CODING_NOTE: The arrange() function orders the rows by concept_id. The filter(row_number() <= 10) function filters to the first 10 rows. The select() function selects only the specified columns. We have to use collect() to pull the data into R memory to view it. This is because we are querying a remote database, not one that is local..

Look at vocabularies

Vocabulary: The source or system of coding for concepts, such as SNOMED, RxNorm, LOINC, or ICD‑10. OMOP maps many vocabularies into a common, standardised set so different coding systems can be analysed together.

Challenge

Challenge

List all distinct vocabularies in the concept table.

R

cdm$concept |>
  filter(!is.na(vocabulary_id)) |>
  distinct(vocabulary_id) |>
  arrange(vocabulary_id) |>
  pull(vocabulary_id)

OUTPUT

[1] "ICD10CM" "LOINC"   "NDC"     "Visit"   "Gender"  "RxNorm"  "CVX"
[8] "SNOMED"  "None"   

CODING_NOTE: Here we can use pull(x) to pull the data x into R memory to view it. This is because we are only requiring one column of data, so we can pull that column directly into R memory without needing to use collect() first.

Look at domains

Domain: A high‑level category that groups concepts by what they represent in clinical data, such as Condition, Drug, Procedure, Measurement, or Observation.

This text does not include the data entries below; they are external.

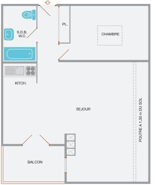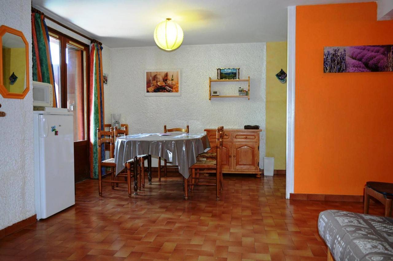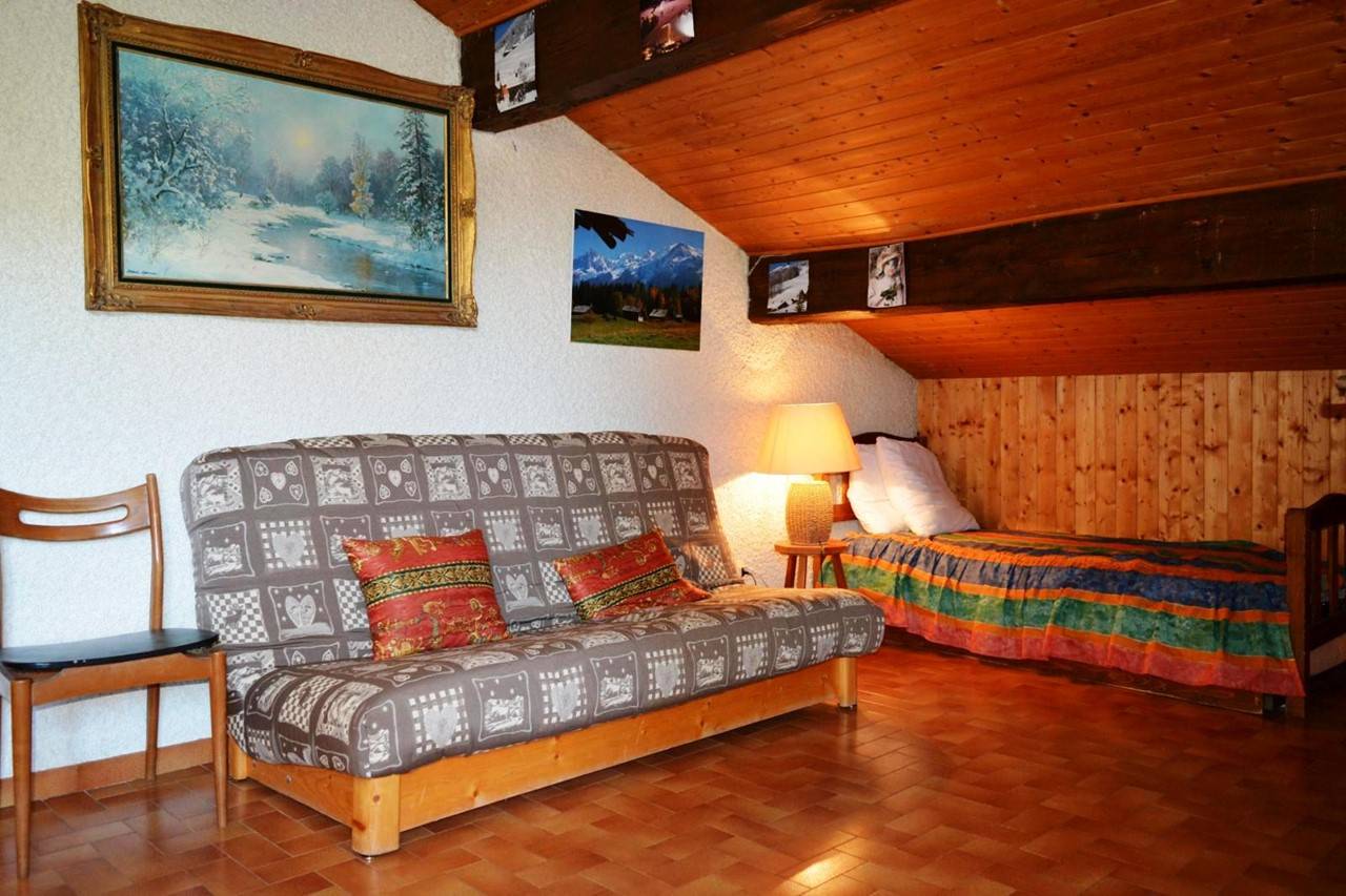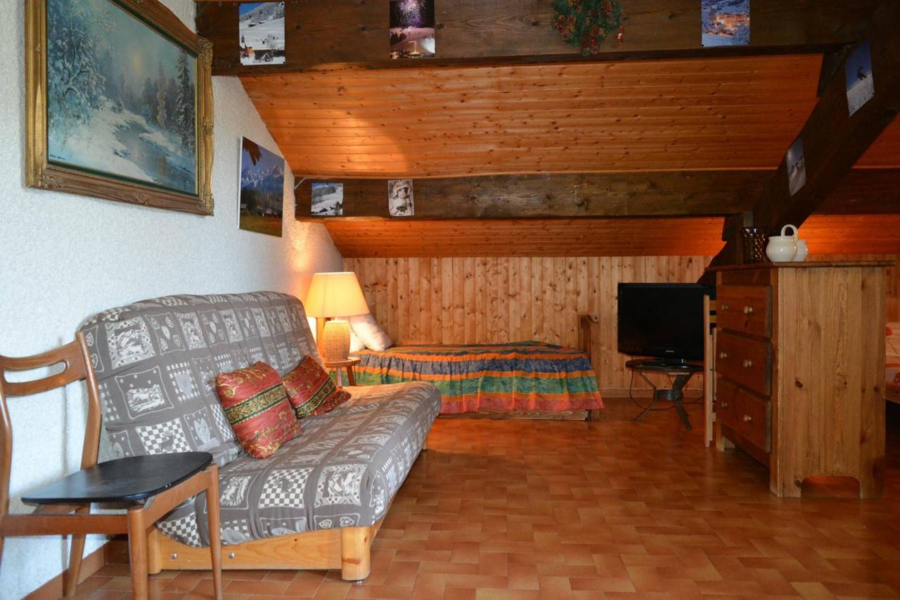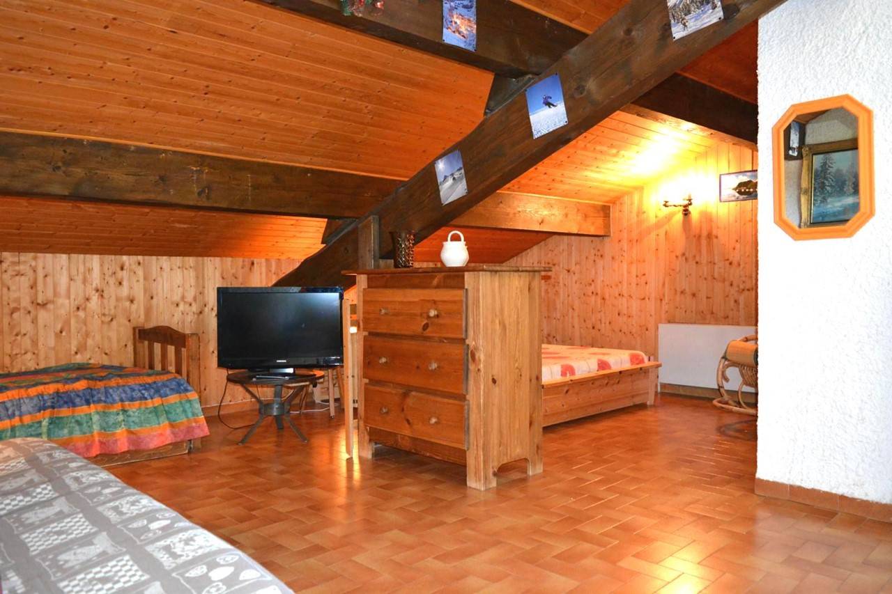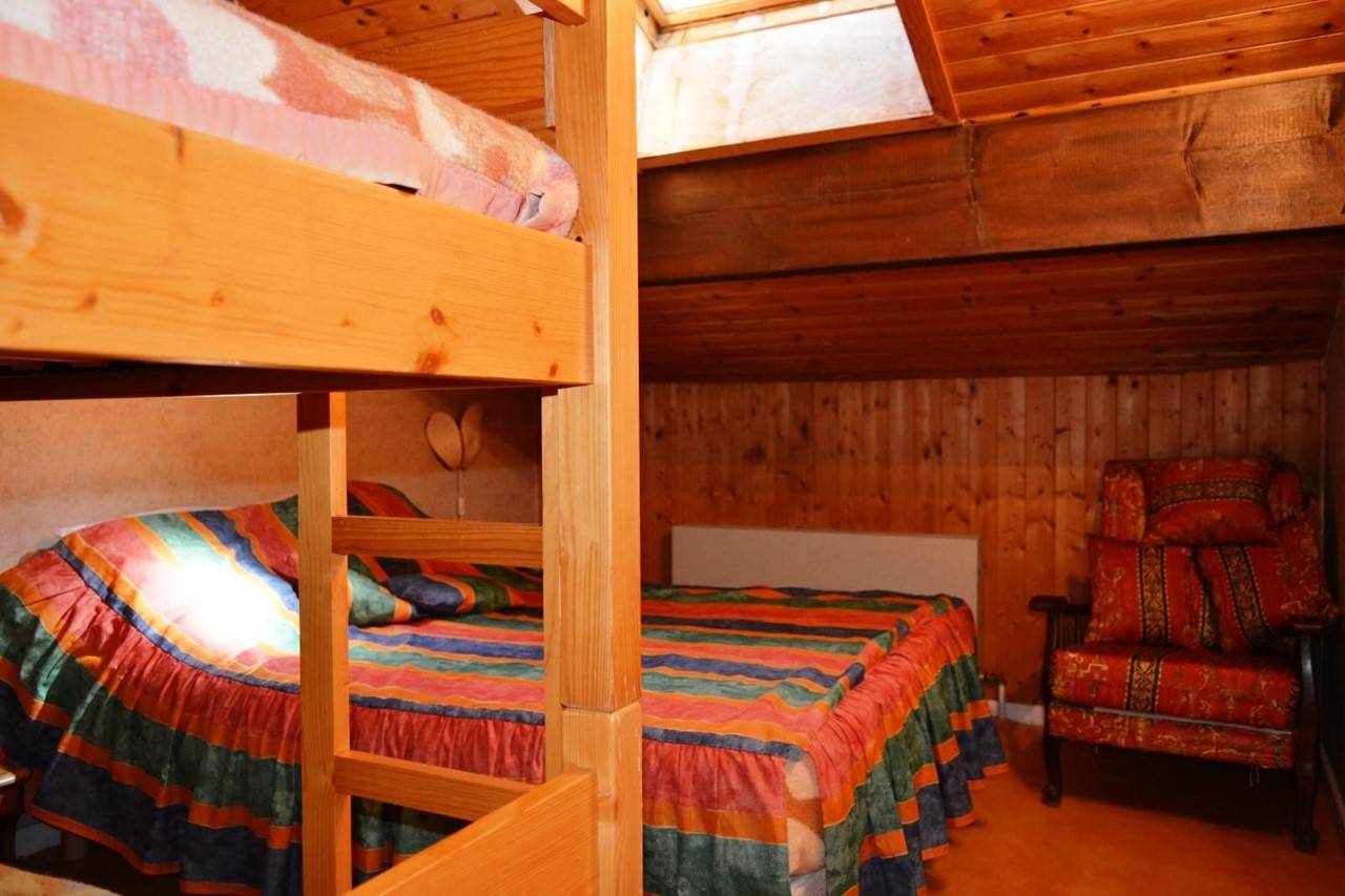 This vacation apartment, located on the 3rd floor, includes a living room with a comfortable sofa and television, a sleeping area with a double bed and access to a south-facing balcony overlooking the ski slopes, an equipped kitchenette, a bedroom with a double bed and two single bunk beds, and a bathroom with a toilet.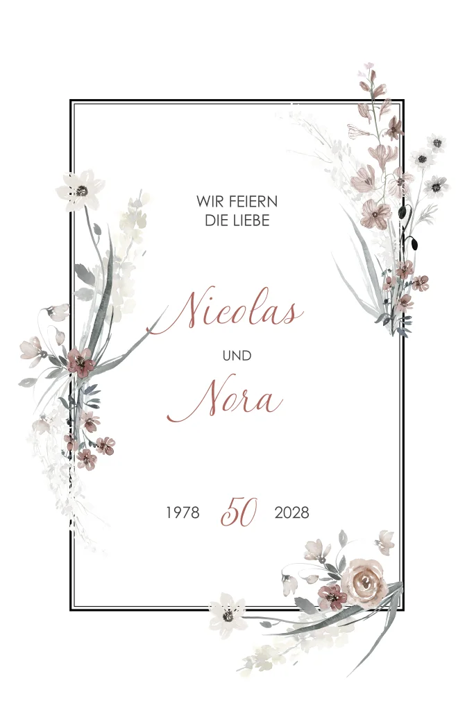 Elegante Einladung zur Goldenen Hochzeit mit rustikalen Blumen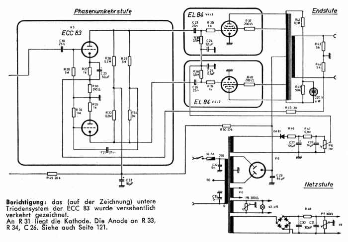 Die Gegentaktendstufe ist mit EL 84 bestückt, die auf einen Spezialgegentaktausgangstransformator arbeitet. Durch den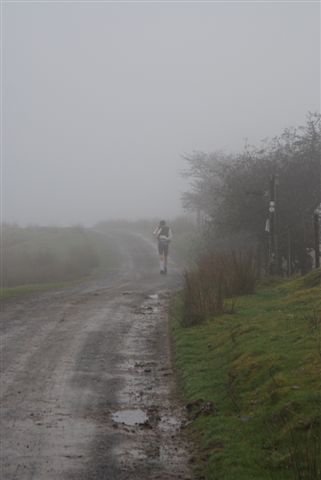 As the incline increased and we passed through a few more gates and stiles to the steep section of the climb the group exploded. I’d already noticed who I thought must have been the winner from last year (Mark Palmer) going off the front at this point. It was becoming quite tough as we entered the mist with the incline getting steeper and steeper to the point that most of us were using various forms of shuffle/walks. All except for one person of course! I didn’t want him to get away because a) I wasn’t as familiar with this first half of loop and visibility from mist was down to 30m, and b) I wanted to see how he handled the terrain and maybe put a little pressure on him later in the race. He was disappearing and I tried really hard to keep a light run going in zigzags up the climb mixed with a few strides while pushing my quads down with my hands to aid leverage. It was killing me, my quads were screaming.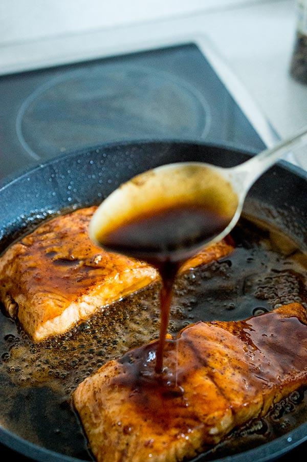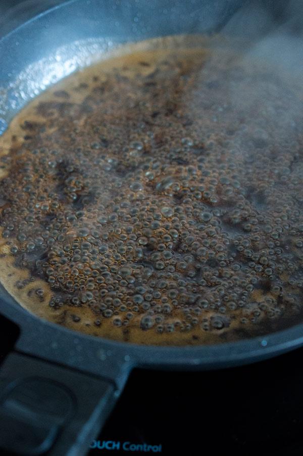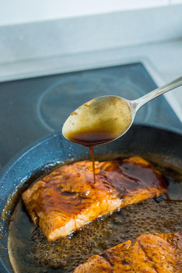 Dejamos que se cocine unos 5 minutos a fuego fuerte hasta que vaya engordando. Probamos para saber si los sabores están equilibrados ya que tal vez nos haga falta añadir un poco mas de miel o salsa de soja.

A concept’s domain determines which OMOP table it belongs to and how it’s used analytically.

Challenge

Challenge

List all distinct domains in the concept table.

R

cdm$concept |>
  filter(!is.na(domain_id)) |>
  distinct(domain_id) |>
  arrange(domain_id) |>
  pull(domain_id)

OUTPUT

[1] "Drug"        "Measurement" "Condition"   "Procedure"   "Observation"
[6] "Visit"       "Metadata"    "Gender"     

Look at concept classes

Class: A lower level category that groups concepts within a domain by what they represent in clinical data.

Challenge

Challenge

List all distinct concept_classes in the concept table.

R

cdm$concept |>
  filter(!is.na(concept_class_id)) |>
  distinct(concept_class_id) |>
  arrange(concept_class_id) |>
  pull(concept_class_id)

OUTPUT

 [1] "Branded Drug"         "3-char nonbill code"  "Quant Branded Drug"
 [4] "Branded Drug Comp"    "Visit"                "Context-dependent"
 [7] "Undefined"            "Morph Abnormality"    "4-char billing code"
[10] "Procedure"            "Lab Test"             "Clinical Drug"
[13] "Clinical Finding"     "Clinical Observation" "Quant Clinical Drug"
[16] "CVX"                  "Ingredient"           "11-digit NDC"
[19] "Branded Pack"         "Clinical Drug Comp"   "Gender"              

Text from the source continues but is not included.